Evaluation of Psychiatric Patients in the Emergency Department



Evaluation of Psychiatric Patients in the Emergency Department





OVERVIEW



  • People come to the emergency department (ED) with a wide variety of psychiatric and emotional concerns, from acute grief to first-break psychosis to medical illness masquerading as psychiatric disease. It is essential that the emergency physician begin with an open mind regarding the range of these possibilities, remain open throughout the process of working with the patient, and create communication that facilitates discussion of the patient’s concerns with the doctor.


  • As in all other aspects of medicine, a thorough history and an inclusive and accurate differential diagnosis are most crucial.


  • These in turn rest on:



    • Effective communication, in both directions, between doctor and patient (and often others who are involved)


    • Thoughtful and thorough history taking, mental status examination, physical examination, and laboratory studies


    • Effective use of ancillary sources of information


    • Effective negotiation about what is to be done about the problem


GENERAL APPROACH TO THE PATIENT



  • Preconceptions are almost always dangerous in the evaluation of psychiatric patients. Individuals with preexisting psychiatric disease often have new, nonpsychiatric problems that are easily overlooked by health professionals; new symptoms should not be attributed to old diagnoses. New symptoms appearing in the presence of a psychiatric diagnosis are not caused by that diagnosis until proved to be so.
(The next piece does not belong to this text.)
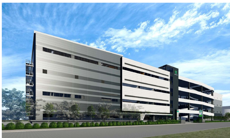
GLP ALFALINK 流山 4

  • Many psychiatric patients have negative perceptions regarding prior experiences in the ED—hours spent waiting, sometimes in restraints; sometimes treated against their will; sometimes treated in a patronizing, or otherwise disrespectful manner—not as adults with the same rights to courtesy and participation in treatment as anyone else. These experiences sometimes color the person’s expectations, and they may approach emergency personnel with wariness or hostility. It is wise to expect that anyone with a serious psychiatric disorder, who has had several ED visits, probably has had at least one such negative episode in the past. These perceptions are often accentuated by the physical environment and nature of the ED—lack of privacy, repeated questions, and personal questions asked by strangers. The emergency physician should engage the patient in a manner that preserves the patient’s dignity and emphasizes the physician’s respect for, and empathy with, the individual’s current and past problems. The following are simple, commonsense suggestions, but they are worth repeating.



    • Treat the person with at least as much courtesy as you expect in return.


    • Be open, friendly, and candid about your role and what you are doing.


    • Explain what you are doing and why.


    • Use nontechnical language.


    • If there have been undue delays in seeing the patient, or other problems have arisen, apologize—it works wonders.


    • Offer choices whenever possible, for example: Is there anyone you would like us to call, or to call yourself? Have I forgotten anything? Is there anything you would like to add? Anything you would like to ask me? If we need to give you medication, is there anything you prefer that we do or do not use?


PSYCHIATRIC HISTORY AND MENTAL STATUS EXAMINATION


Psychiatric History


General Considerations



  • The history taking comes first, and then the mental status examination, because most of the mental status examination can be inferred from the history. The function of the history taking, however, is to generate a differential diagnosis.


  • The heart of the history is the history of present illness: what is wrong now, when did it start, and what has the progress of the problem been to the current time. Frequently, when patients with a known psychiatric illness are evaluated in the ED, this step is skipped entirely, and the evaluation is based on the past psychiatric history. This can be a fatal error.


  • Under the time constraints of the ED, with multiple demands on the physician, there is a natural tendency to want to “cut to the chase.” This is one of the reasons that doctors so often jump to the conclusion that the current problem is caused by, or related to, psychiatric illness. It also sometimes causes physicians to use a communication style that drastically decreases self-exposure by the patient: rapid use of closed-ended, yes-or-no questions, and the use of symptom checklists (You have been depressed? Is your appetite low? Sleep poor? Suicidal ideas?). These questions may seem to lead rapidly to a ruled-in diagnosis, but they frequently obscure other important elements of the history. For example, the doctor may elicit that the patient is depressed, but not that depression exists now, or has significantly worsened, because of a completely new issue. For the patient to have just learned,
    for example, that a spouse has been abusing their child, and it is this fact that has precipitated severe depression, has major significance in regard to prognosis, current treatment, and disposition options.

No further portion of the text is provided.